Students only want to know what they need to know for the exams, and since they are in charge, that’s ultimately the only information they are likely to get. If all they care about is what’s tested, then the tests become the sole focus. Less tangible, but arguably just as important skills are neglected:
High-stakes MCQ exams are often the only metric that counts in medical school, and many administrators are mainly concerned with test outcomes. The higher the stakes, the more students and professors focus on teaching and learning for the exam. As a result, skills that cannot be tested with a multiple choice format are not taught, and instruction starts to look like the exam. Furthermore, and understandably, students only want to prepare for material that will be tested on the MCQ exam. Of course, this neglects many life skills, including critical thinking, problem solving, communication, interpersonal skills, and compassion.
The quality of instructors goes down, too, because now teaching faculty are considered mere vessels of canned information. Who needs a tenured professor for that? There’s less need to demonstrate scholarly activity, so concepts like evidence-based medicine get shorted:
In contrast, today, in many medical schools, faculty without substantial scholarly experience are hired, nontenured streamed, to teach without a scholarly activity requirement. Nontenured streamed faculty receive lower salaries, and, of course, this reduces the expense for laboratory space and start-up expenditures. However, the scientific basis of medicine may be reduced when faculty are not engaged in research. Research encourages skepticism of convention, the use of the scientific method, and the responsibility to discover new knowledge.
It all comes back to community and finding a place where each student can face challenges to accept responsibilities and learn and demonstrate medical knowledge and clinical skills. Take these away and the quality of education quickly erodes:
The Self-Determination Theory of human motivation focuses on our students’ innate psychological needs and the degree to which an individual’s behavior is self-motivated and self-determined. Faculty can satisfy the innate psychological needs by addressing our students’ desire for relatedness, competence, and autonomy. Relatedness refers to our students’ need to feel connected to others, to be a member of a group, to have a sense of communion, and to develop close relationships with others. Competence is believing our students can succeed, challenging them to do so, and imparting that belief in them. Autonomy involves considering the perspectives of the student and providing relevant information and opportunities for student choice and initiating and regulating their own behaviors.

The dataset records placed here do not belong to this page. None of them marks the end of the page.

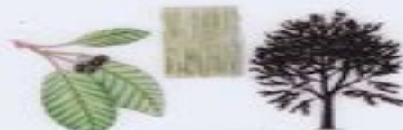
Castanea Buckthorn Rhamnus parviflora D 1"; H 30" LV 2"-6" L x 1"-2.5" W; R 0"-5000"
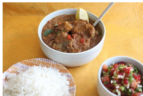
Lamb potato curry served with plain boiled rice and kuchumbar

LEARN HOW TO PREPARE CURRY CHAWAL DELICIOUS RAS CHAWAL DHAN SAK AND MUCH MORE
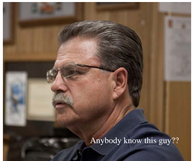
Anybody know this guy??
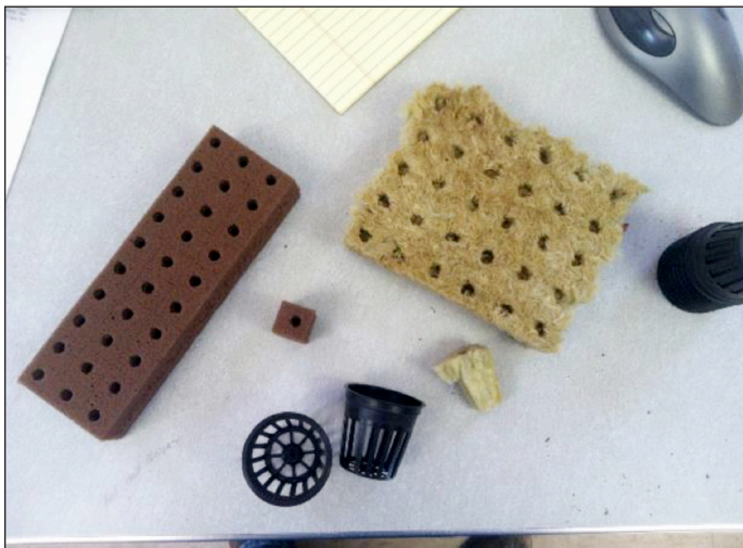
Figure 4. Two- to 3-week-old seedlings are commonly used as transplants. The transplants are grown in either a foam media cube or a net pot filled with soilless substrate.

With both systems the cropping culture details will be almost identical. Two- to 3-week-old seedlings are commonly used as transplants. The transplants will have been grown in either a foam media cube or a net pot filled with soilless substrate (Fig. 4). Most commercial growers currently use foam media. Transplants are placed directly into the DWC or NFT system. DWC systems offer more flexibility in plant spacing and can use 4-, 6-, or 8-inch (10-, 15-, or 20-cm) centers. A 4 foot × 8 foot (1.2 m × 2.4 m) raft could have 48 to 88 plant sites depending on the desired final market size. Most NFT channels have holes cut on 7- to 8-inch (18- to 20-cm) centers, although custom channels are available. The higher the plant density, the smaller the plants and greater the input costs (labor, seeds, and media) per unit. A common plant density using 8-inch centers would be 2.25 plants per square foot (24.2 plants/m 2 ).
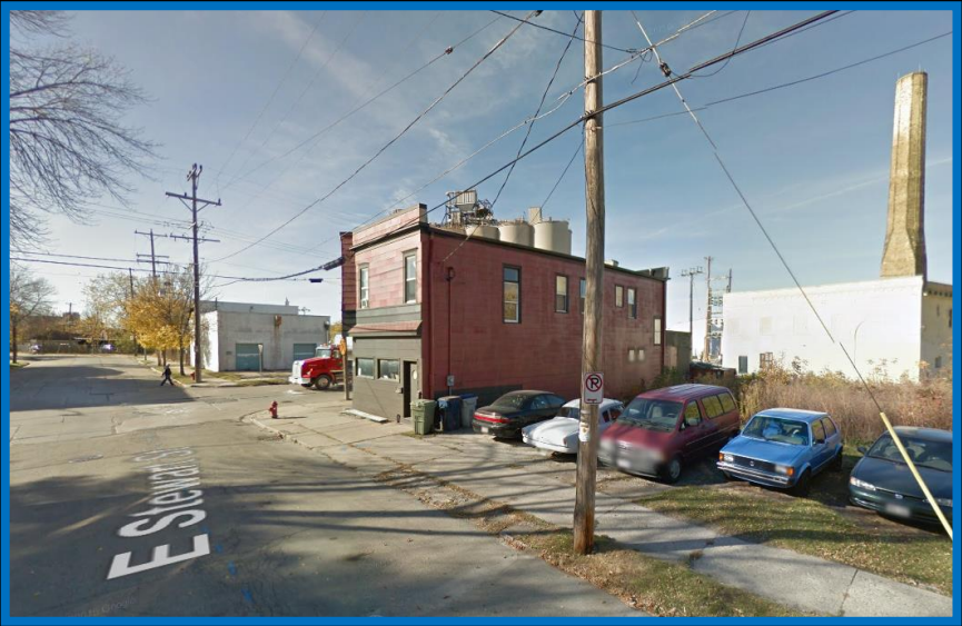
View from East Stewart Street, looking northwest
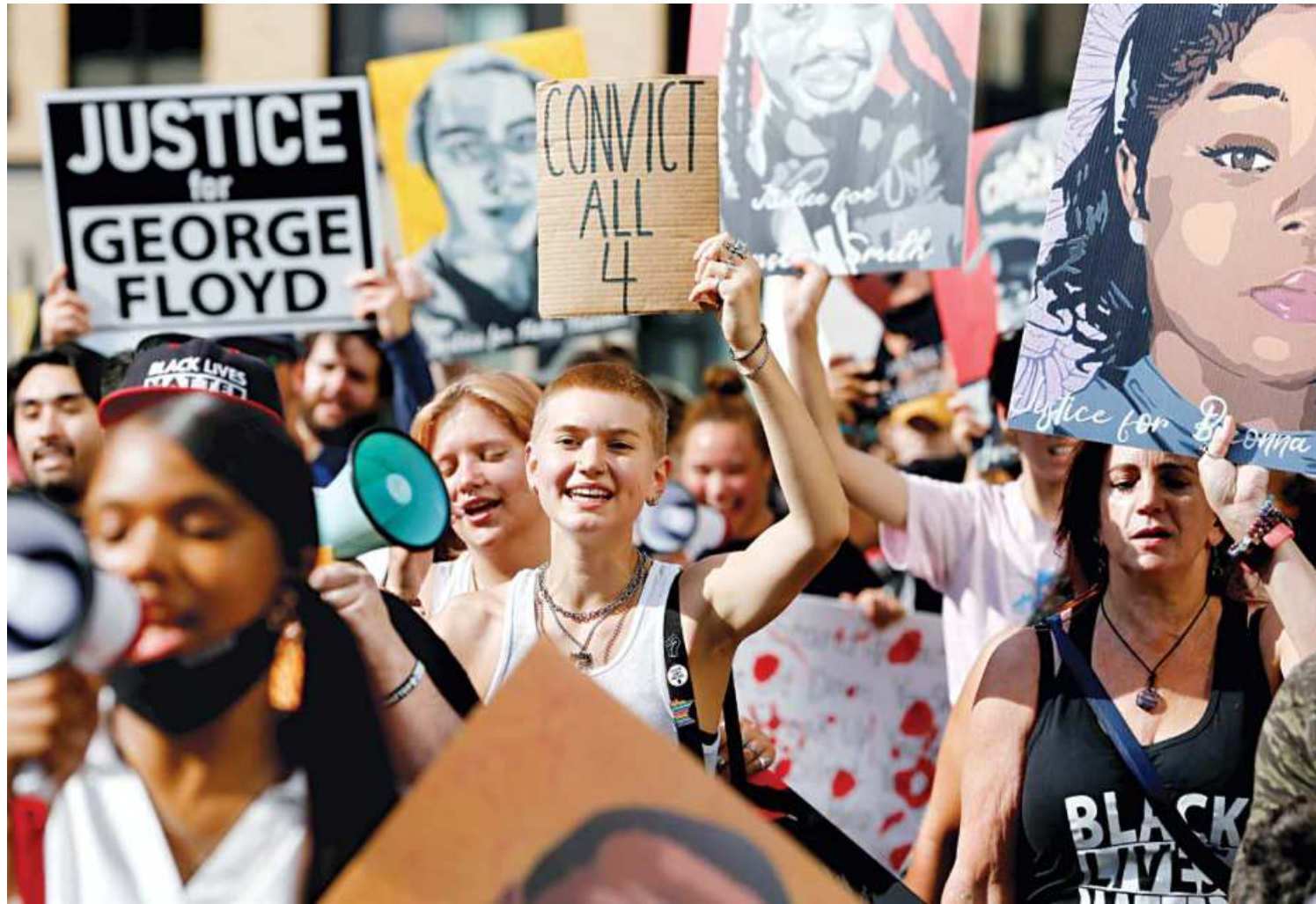
Protesters march during a brief rally after the sentencing of Derek Chauvin, the former Minneapolis policeman found guilty of killing George Floyd, a Black man, in Minneapolis, Minnesota, US, on Friday. Chauvin's 2 and half years sentence was one of the longest given a former police officer for using unlawful deadly force in the United States.

This isn’t just happening in medical education; it’s happening at all levels of higher education, where students aren’t trusted to accept real responsibilities and the consequences of their actions. I wince every time I hear medical students referred as “kids.” If medical students are children, when exactly do they become adults? In residency? When they are sued for malpractice?
The insistence of bureaucratic uniformity to cut costs and catering to student wants at the expense of their needs will result in an ever-increasing number of young physicians who are not fully prepared to handle independent practice. It could take a long time to correct this problem, but it has to happen. A published article that acknowledges and clearly articulates the problem is a good first step, but only the first.